═════ EXCERPTED DATA

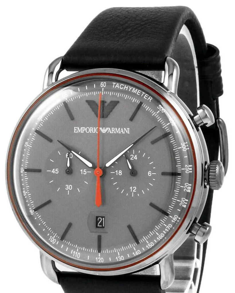 Emporio Armani Aviator Grey Dial Grey Leather Strap Watch For Men - AR11168
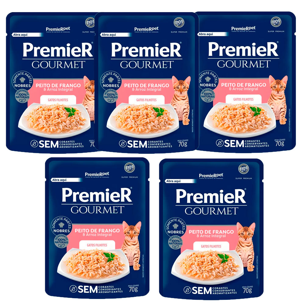 Kit com 5 Rações Úmidas Premier Gourmet Gatos Filhotes Peito de Frango/Arroz 70g
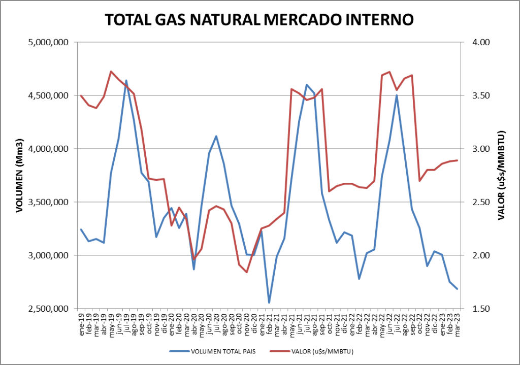 El volumen total comercializado en el mercado interno (86,61 MMm3/día) resulta, en marzo de 2023, un 11,06% inferior al mismo mes del año anterior y un 2,40% también por debajo de febrero de 2023.
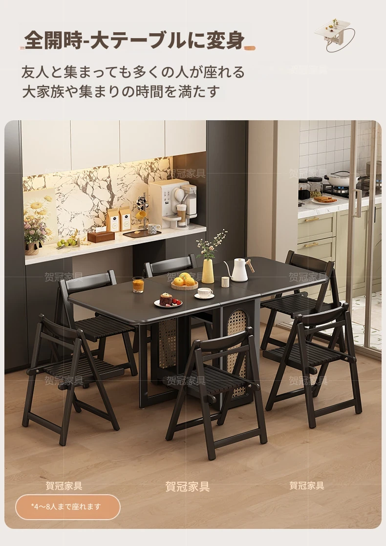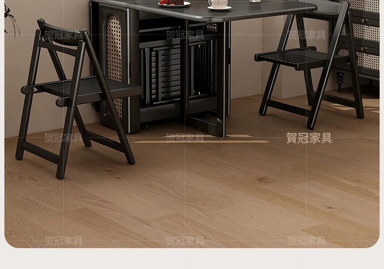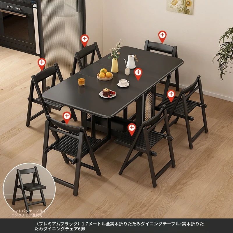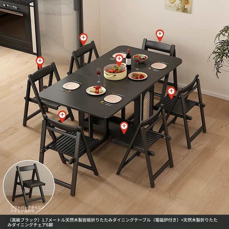 1.7メートル無垢材ロックプレート折りたたみダイニングテーブル【高級黒】+IHコンロ+無垢材折りたたみチェア*6 抗菌ロックプレート
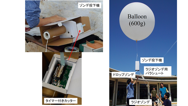 左下:本研究グループで開発・検証した投下型気象測器ドロップゾンデ。
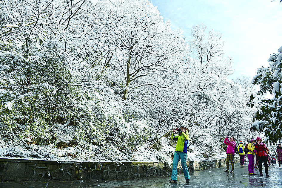 12月14日,游人在南京紫金山欣赏雪景。 近日全国多地出现降雪,雪后大地银装素裹,美景纷呈。 (据新华社)
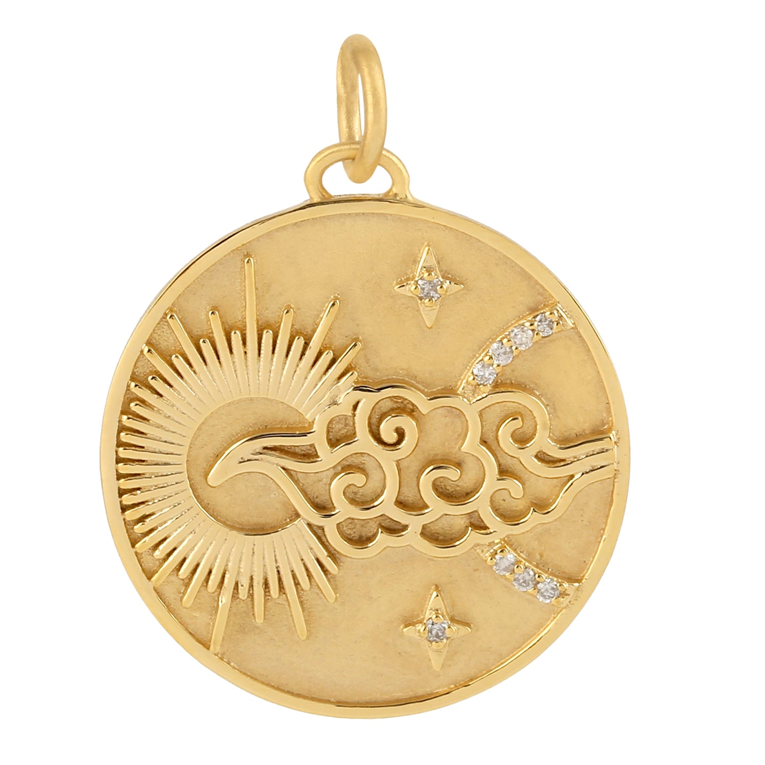 14K Yellow Gold Pave Diamond Handmade Sun Star Cloud Pendant

══════════

PROBLEM TO SOLVE:
All lines from the one containing "El volumen total" to the last line of the records above, and no others, should be returned unchanged, without pictures.

WRITTEN ANSWER:
 El volumen total comercializado en el mercado interno (86,61 MMm3/día) resulta, en marzo de 2023, un 11,06% inferior al mismo mes del año anterior y un 2,40% también por debajo de febrero de 2023.
 1.7メートル無垢材ロックプレート折りたたみダイニングテーブル【高級黒】+IHコンロ+無垢材折りたたみチェア*6 抗菌ロックプレート
 左下:本研究グループで開発・検証した投下型気象測器ドロップゾンデ。
 12月14日,游人在南京紫金山欣赏雪景。 近日全国多地出现降雪,雪后大地银装素裹,美景纷呈。 (据新华社)
 14K Yellow Gold Pave Diamond Handmade Sun Star Cloud Pendant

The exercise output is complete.